Kerrigan goes on to describe trying to entice patients to attend her group therapy session.

Come to my group, my plea, as I knelt offering
filtered cigarettes as free admission tickets.

You’d have to understand the psychiatric (or prison) systems to recognize cigarettes as coins of the realm. The people I worked with 20 years later were outpatients and not nearly as overmedicated as patients of yore, but cigarettes remained a constant. I remember when one of our patients was hallucinating that Cherry Coke was coming to get him over the trees. It probably sounds funny but he was terrified. I’ve never felt more helpless than at that moment. All I could think to do was to offer him a smoke. He accepted it and it seemed to help.

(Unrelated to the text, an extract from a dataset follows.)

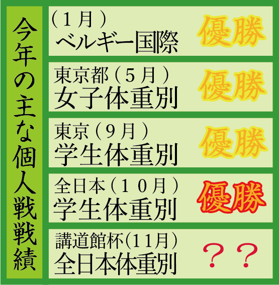 準決勝で対戦した吉岡とは東京学生体重別選手権でも対戦し勝利した。しかし、「たまたま勝っただけ」と気を引き締め、必ず勝てるように研究を重ねた。西田コーチを相手に見立て、技をかけることを意識。試合では研究の成果が思い通り発揮され、納得感を持って勝ち切った。
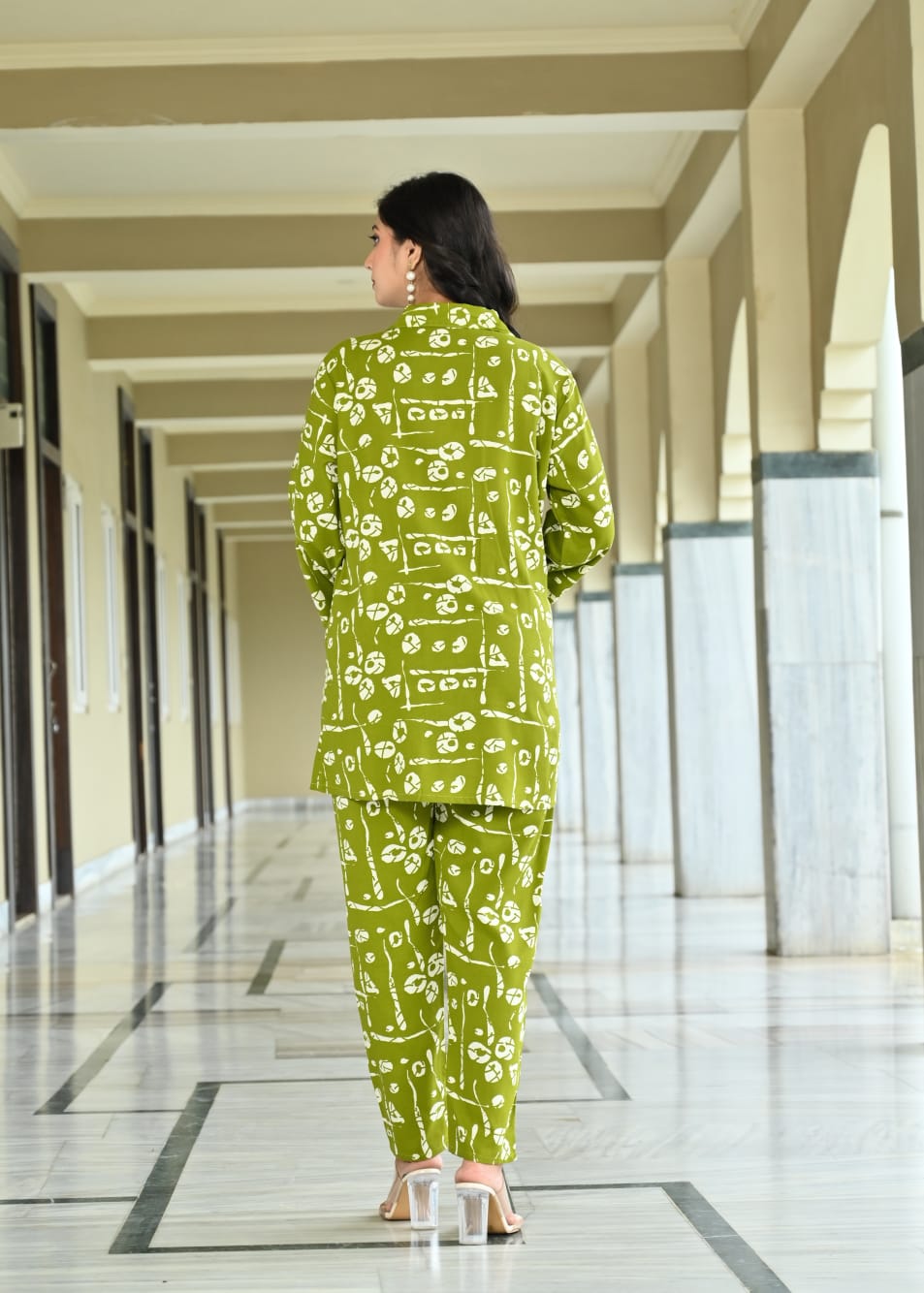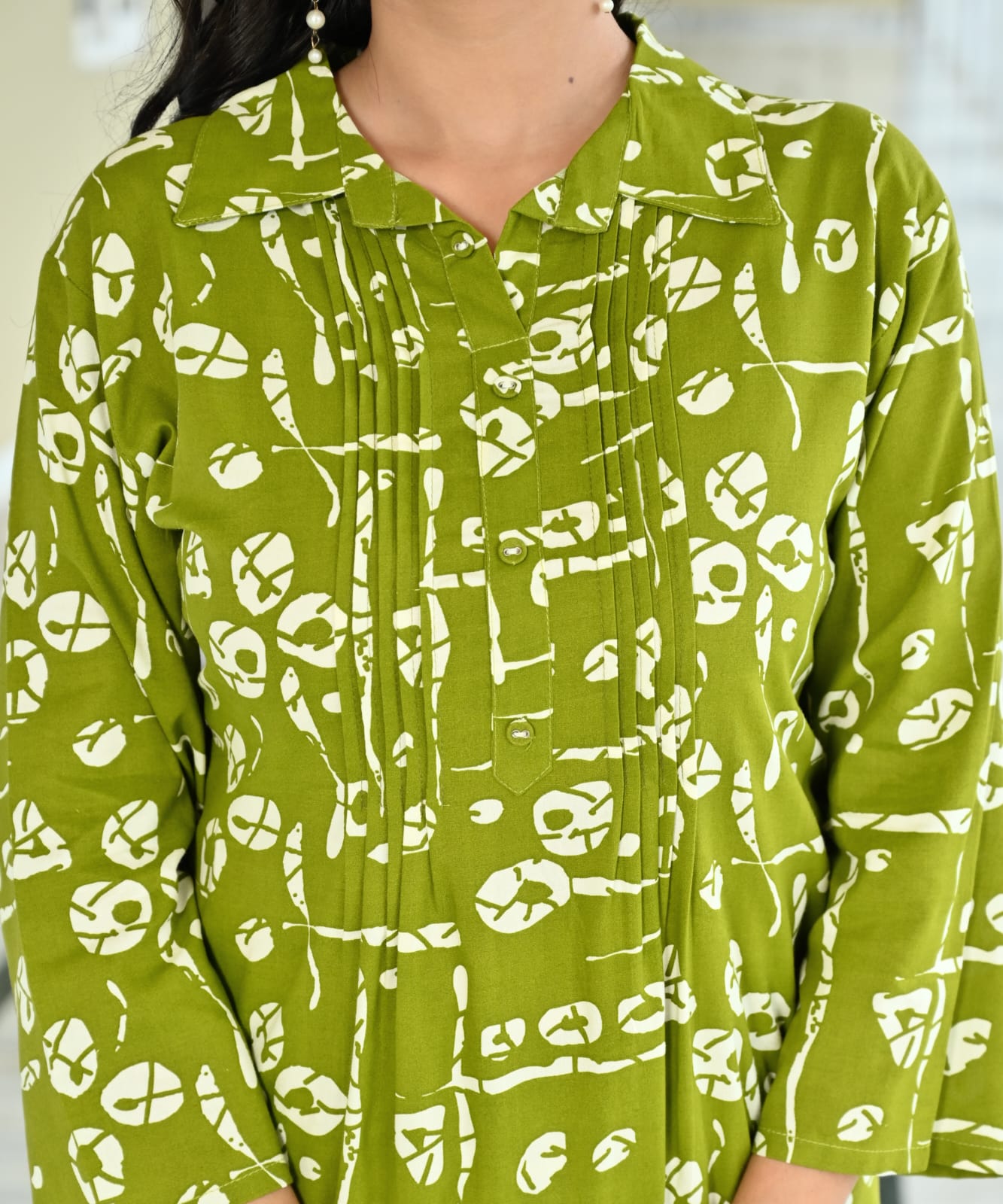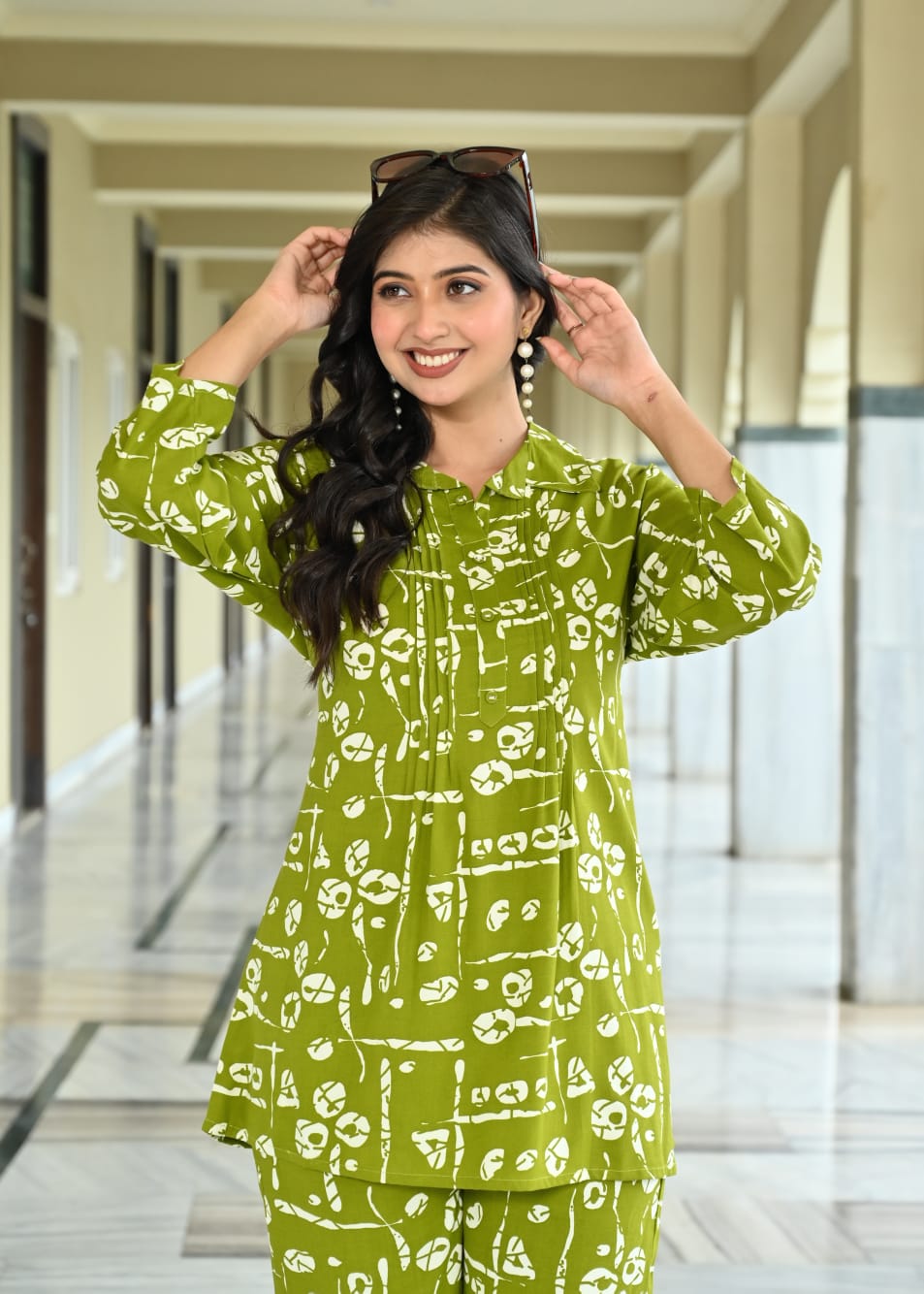 Add a splash of refreshing charm to your wardrobe with this Olive Green Printed Cotton Co-ord Set from UVULA. Designed for all-day comfort and effortless style, this co-ord set is crafted from premium-quality breathable cotton, featuring a chic geometric floral print in soothing white tones.

I told him I didn’t see her but I think the nicotine did its work better than I did.

I defy you not to be haunted by the following image, when Kerrigan handed out green carnations to the women in her group that day:

Anna sniffed the blossom; Edna placed it between
her breasts. Rose wore hers over her ear.
Vivian shared a memory about the feel of seeds
in her hand when she gardened. The oldest patient,
Lillian, who had a lobotomy watered
the blossom with her drool.

Kerrigan doesn’t only focus on present day psychiatry. In “St. Remy, France,” she pays tribute to Vincent Van Gogh, who “immortalized psychosis”:

No pills or potions to halt
the constant condemning chatter
of your mind. Moved, I hear
the voices of former patients,
my own voice, reminding me
mental illness respects no one,
yet it can leap right off
the borders of the canvas, transforming
torment into masterpieces.

Mental illness may not respect anyone, but Kerrigan’s respect for her patients and colleagues comes through loud and clear, and she makes sure their voices are heard.